Oluşan stres tepkisinin derecesi ve üzerimizdeki fizyolojik, psikolojik ve duygusal etkisi, anksiyete derecesiyle doğrudan orantılıdır. Mesela, yeni biriyle tanışma konusunda biraz endişe duyuyorsanız, vücut hafif bir stres tepkisi üretir. Bu tepki o kadar hafif olabilir ki, onu fark edemeyebilirsiniz bile. Bununla birlikte, evinizde bir hırsız olduğunu fark edip dehşete düşme derecesinde korktuğunuzda, vücudunuz yüksek dereceli bir stres tepkisi üretir.
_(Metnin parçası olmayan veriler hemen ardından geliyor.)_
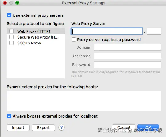 很幸运的是,Charles提供了嵌套代理的功能,在Charles里面它被称为外部代理(External Proxy)。设置入口是在菜单上的Proxy------External Proxy Settings。勾选下图中的Web Proxy,设置Web Proxy Server为127.0.0.1,端口设置为weinre的代理端口,如此操作之后,weinre代理就成了Charles的外部代理,weinre远程调试与Charles映射兼得,经测试,非常成功!

Genelde yüksek dereceli stres tepkileri anksiyete atakları olarak yaşanır.
Düşük dereceli anksiyete, vücutta hafif düzeyde “savaş veya kaç” değişikliklerini tetiklerken, yüksek dereceli anksiyete , yüksek dereceli “savaş veya kaç” değişikliklerini tetikleyecektir. İşte, yüksek dereceli “savaş veya kaç” tepkilerine “anksiyete atağı” denir.
Anksiyete belirtileri nelerdir?
Bir anksiyete atağı, aşağıdaki belirtilerle varlığını hissettirebilir. Bu belirtilerin hepsini aynı anda yaşamak zorunda değilsiniz. Aynı zamanda anksiyete belirtileri, yoğunluk açısından da değişkenlik gösterebilir.
- Kontrolden çıkmış korku (dehşet): Çok büyük bir tehlike karşısında hissedebileceğiniz duyguya benze bir duygudur bu.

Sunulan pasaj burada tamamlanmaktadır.